DESCRIPTION OF THE TASK >> From the data below, please reproduce exactly everything from the line that contains "Klassisches Dreieckstuch, das" down to the line that contains "Տարաներում առկա են", with both ends included.

INPUT RECORDS >>

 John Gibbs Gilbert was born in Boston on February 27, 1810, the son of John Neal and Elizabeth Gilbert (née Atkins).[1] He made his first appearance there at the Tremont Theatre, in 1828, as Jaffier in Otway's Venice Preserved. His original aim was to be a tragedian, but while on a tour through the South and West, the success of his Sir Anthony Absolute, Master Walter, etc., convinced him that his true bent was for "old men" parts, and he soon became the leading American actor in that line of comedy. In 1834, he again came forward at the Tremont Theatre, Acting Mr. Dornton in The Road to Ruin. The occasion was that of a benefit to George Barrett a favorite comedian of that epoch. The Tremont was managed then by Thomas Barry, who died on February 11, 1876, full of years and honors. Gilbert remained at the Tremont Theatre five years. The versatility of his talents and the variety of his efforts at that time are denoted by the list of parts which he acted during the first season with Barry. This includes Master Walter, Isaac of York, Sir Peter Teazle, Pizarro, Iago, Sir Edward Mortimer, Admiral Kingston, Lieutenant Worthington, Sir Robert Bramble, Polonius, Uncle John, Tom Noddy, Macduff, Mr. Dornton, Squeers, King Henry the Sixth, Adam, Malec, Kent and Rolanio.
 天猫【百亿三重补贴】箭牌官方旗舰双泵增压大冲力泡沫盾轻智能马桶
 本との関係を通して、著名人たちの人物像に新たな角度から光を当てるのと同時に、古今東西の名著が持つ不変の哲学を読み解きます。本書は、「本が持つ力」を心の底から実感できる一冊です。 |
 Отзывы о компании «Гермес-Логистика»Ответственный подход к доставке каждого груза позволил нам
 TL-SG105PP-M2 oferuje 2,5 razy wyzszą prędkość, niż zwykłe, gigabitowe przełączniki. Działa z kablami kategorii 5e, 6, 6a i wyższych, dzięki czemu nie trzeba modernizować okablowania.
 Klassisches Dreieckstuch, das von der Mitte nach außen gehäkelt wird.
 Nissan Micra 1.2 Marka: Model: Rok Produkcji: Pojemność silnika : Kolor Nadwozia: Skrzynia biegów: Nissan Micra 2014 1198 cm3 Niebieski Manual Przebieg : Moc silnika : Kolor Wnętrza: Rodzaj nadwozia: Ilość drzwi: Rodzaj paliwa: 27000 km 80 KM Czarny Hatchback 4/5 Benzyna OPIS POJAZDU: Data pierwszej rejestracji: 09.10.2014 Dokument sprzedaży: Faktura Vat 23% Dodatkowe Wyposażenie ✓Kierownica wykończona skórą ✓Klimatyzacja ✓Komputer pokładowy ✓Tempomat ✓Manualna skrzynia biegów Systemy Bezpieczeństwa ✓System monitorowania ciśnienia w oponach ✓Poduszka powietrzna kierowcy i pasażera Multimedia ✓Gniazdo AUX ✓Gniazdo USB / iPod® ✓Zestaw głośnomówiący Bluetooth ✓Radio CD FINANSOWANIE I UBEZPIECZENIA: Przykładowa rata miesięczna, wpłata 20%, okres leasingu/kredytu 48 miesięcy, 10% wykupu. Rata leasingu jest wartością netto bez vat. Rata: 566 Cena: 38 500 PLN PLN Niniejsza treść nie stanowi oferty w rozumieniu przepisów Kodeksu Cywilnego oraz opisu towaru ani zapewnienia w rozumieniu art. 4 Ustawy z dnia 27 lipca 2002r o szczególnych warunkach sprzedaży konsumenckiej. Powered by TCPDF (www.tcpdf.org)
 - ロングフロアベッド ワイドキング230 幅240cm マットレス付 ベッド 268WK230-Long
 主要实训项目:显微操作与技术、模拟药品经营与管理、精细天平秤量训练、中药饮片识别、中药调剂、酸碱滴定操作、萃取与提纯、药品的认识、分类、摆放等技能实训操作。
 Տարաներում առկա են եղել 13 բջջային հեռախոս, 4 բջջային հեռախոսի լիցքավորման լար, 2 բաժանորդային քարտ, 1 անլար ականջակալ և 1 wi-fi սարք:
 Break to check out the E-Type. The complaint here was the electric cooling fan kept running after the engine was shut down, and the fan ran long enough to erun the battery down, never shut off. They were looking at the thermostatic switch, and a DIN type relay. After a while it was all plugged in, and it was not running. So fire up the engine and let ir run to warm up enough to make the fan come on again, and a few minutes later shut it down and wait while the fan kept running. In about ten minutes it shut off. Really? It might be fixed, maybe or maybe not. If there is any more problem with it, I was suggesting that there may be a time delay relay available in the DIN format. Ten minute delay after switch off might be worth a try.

PROBLEM SOLUTION >>
 Klassisches Dreieckstuch, das von der Mitte nach außen gehäkelt wird.
 Nissan Micra 1.2 Marka: Model: Rok Produkcji: Pojemność silnika : Kolor Nadwozia: Skrzynia biegów: Nissan Micra 2014 1198 cm3 Niebieski Manual Przebieg : Moc silnika : Kolor Wnętrza: Rodzaj nadwozia: Ilość drzwi: Rodzaj paliwa: 27000 km 80 KM Czarny Hatchback 4/5 Benzyna OPIS POJAZDU: Data pierwszej rejestracji: 09.10.2014 Dokument sprzedaży: Faktura Vat 23% Dodatkowe Wyposażenie ✓Kierownica wykończona skórą ✓Klimatyzacja ✓Komputer pokładowy ✓Tempomat ✓Manualna skrzynia biegów Systemy Bezpieczeństwa ✓System monitorowania ciśnienia w oponach ✓Poduszka powietrzna kierowcy i pasażera Multimedia ✓Gniazdo AUX ✓Gniazdo USB / iPod® ✓Zestaw głośnomówiący Bluetooth ✓Radio CD FINANSOWANIE I UBEZPIECZENIA: Przykładowa rata miesięczna, wpłata 20%, okres leasingu/kredytu 48 miesięcy, 10% wykupu. Rata leasingu jest wartością netto bez vat. Rata: 566 Cena: 38 500 PLN PLN Niniejsza treść nie stanowi oferty w rozumieniu przepisów Kodeksu Cywilnego oraz opisu towaru ani zapewnienia w rozumieniu art. 4 Ustawy z dnia 27 lipca 2002r o szczególnych warunkach sprzedaży konsumenckiej. Powered by TCPDF (www.tcpdf.org)
 - ロングフロアベッド ワイドキング230 幅240cm マットレス付 ベッド 268WK230-Long
 主要实训项目:显微操作与技术、模拟药品经营与管理、精细天平秤量训练、中药饮片识别、中药调剂、酸碱滴定操作、萃取与提纯、药品的认识、分类、摆放等技能实训操作。
 Տարաներում առկա են եղել 13 բջջային հեռախոս, 4 բջջային հեռախոսի լիցքավորման լար, 2 բաժանորդային քարտ, 1 անլար ականջակալ և 1 wi-fi սարք:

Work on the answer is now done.